Records from a data source

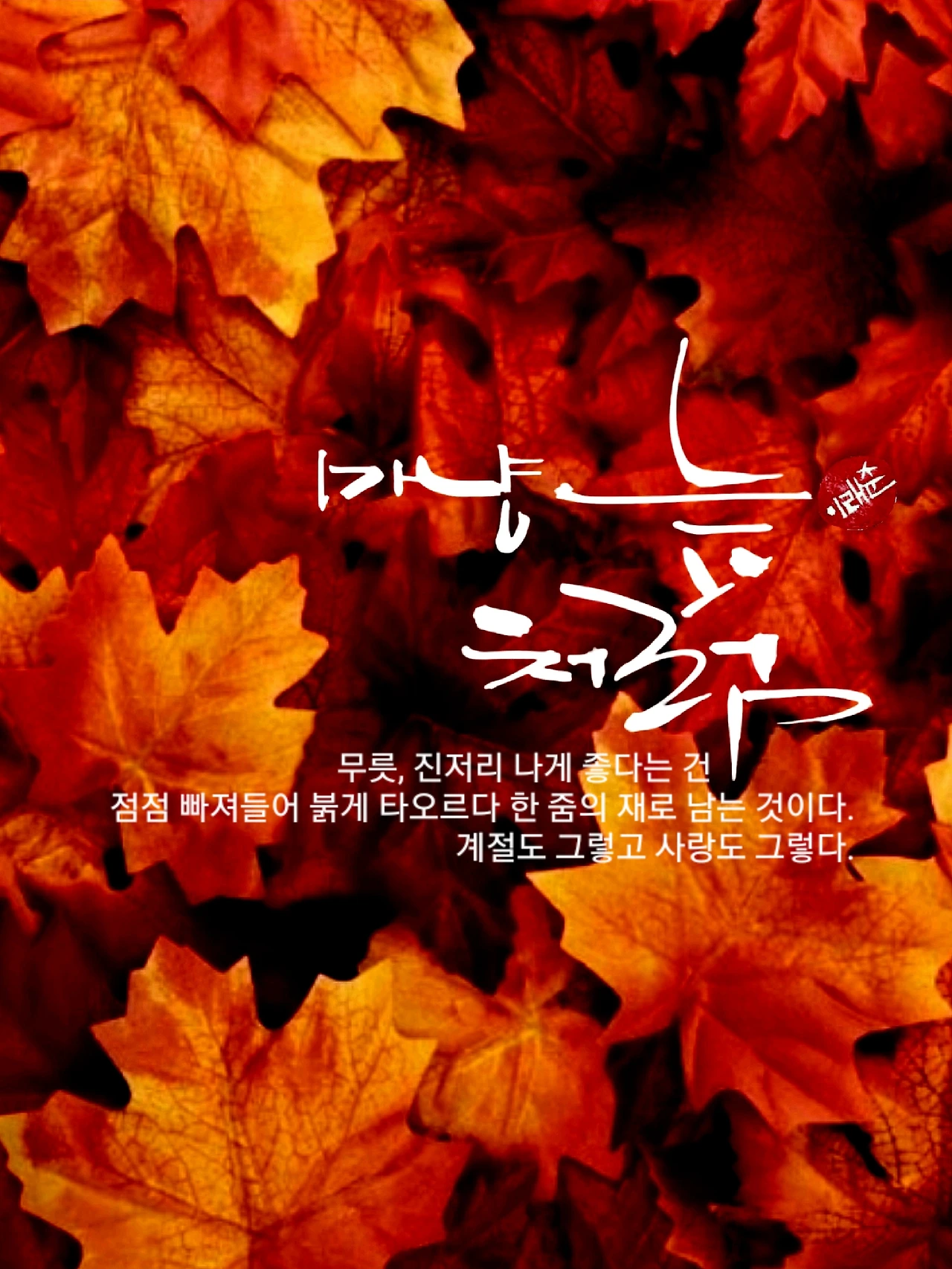 타는 듯 붉게 물든 단풍에 계절이 깊다. 낙엽을 거부하며 가지에 매달려 발버둥 칠 수도 없다. 짙어지고 깊어지는 건 그래서 상어의 유영과 다르지 않다. 숙명이고 이미 새겨진 운명이다. 거부할 수 없다면 오히려 더욱 짙어 몸서리치는 것도 나쁘지 않다. 목덜미를 타고 번져가는 소름처럼 찌릿한 떨림이면 더욱 좋을 테고....
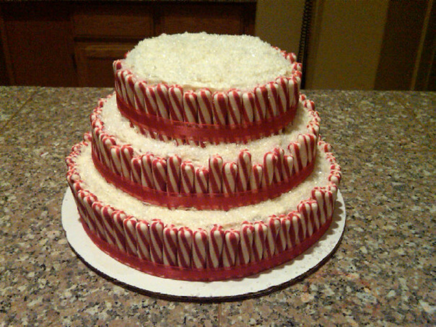 Saw something like this in a magazine and tried to replicate it in my own way. REd Velvet cake with cream cheese icing, surrounded by soft peppermint sticks and sprinkled with large granules of sugar for "sparkle". Ribbon is non-edible - decoration only.
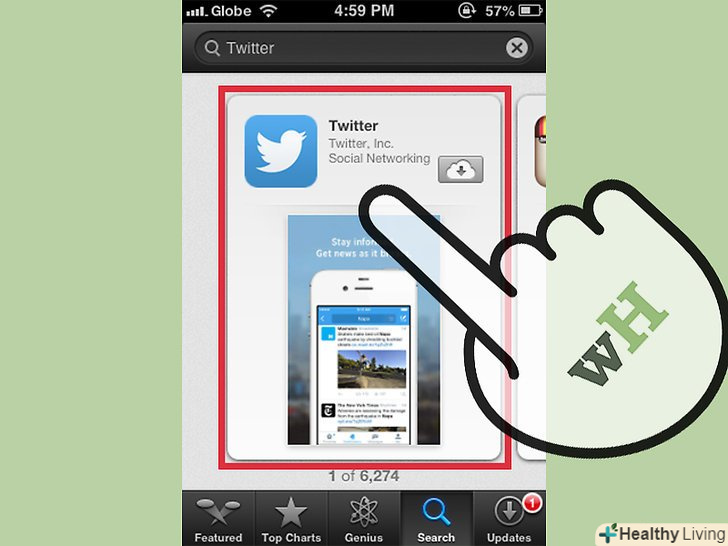 Виберіть перше спливаюче в списку додаток.це буде офіційний додаток "Твіттер".
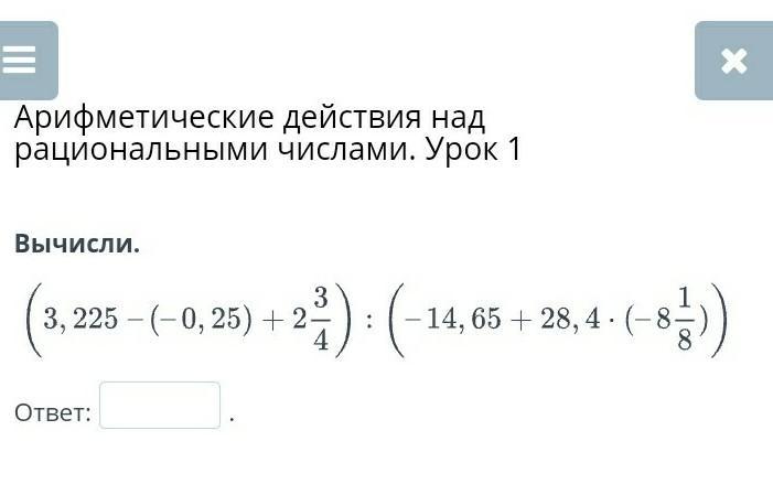 Арифметические действия над рациональными числами. Урок 1 Вычисли. Ответ:. Назад Проверить
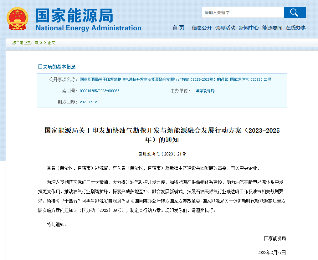 國家能源局3月22日公布關于印發(fā)加快油氣勘探開發(fā)與新能源融合發(fā)展行動方案(2023-2025年)的通知。其中提到,加快提升油氣上游新能源存儲消納能力。

Exercise prompt:
All of the entries need to be retyped word for word, pictures excluded.

The completed task:
 타는 듯 붉게 물든 단풍에 계절이 깊다. 낙엽을 거부하며 가지에 매달려 발버둥 칠 수도 없다. 짙어지고 깊어지는 건 그래서 상어의 유영과 다르지 않다. 숙명이고 이미 새겨진 운명이다. 거부할 수 없다면 오히려 더욱 짙어 몸서리치는 것도 나쁘지 않다. 목덜미를 타고 번져가는 소름처럼 찌릿한 떨림이면 더욱 좋을 테고....
 Saw something like this in a magazine and tried to replicate it in my own way. REd Velvet cake with cream cheese icing, surrounded by soft peppermint sticks and sprinkled with large granules of sugar for "sparkle". Ribbon is non-edible - decoration only.
 Виберіть перше спливаюче в списку додаток.це буде офіційний додаток "Твіттер".
 Арифметические действия над рациональными числами. Урок 1 Вычисли. Ответ:. Назад Проверить
 國家能源局3月22日公布關于印發(fā)加快油氣勘探開發(fā)與新能源融合發(fā)展行動方案(2023-2025年)的通知。其中提到,加快提升油氣上游新能源存儲消納能力。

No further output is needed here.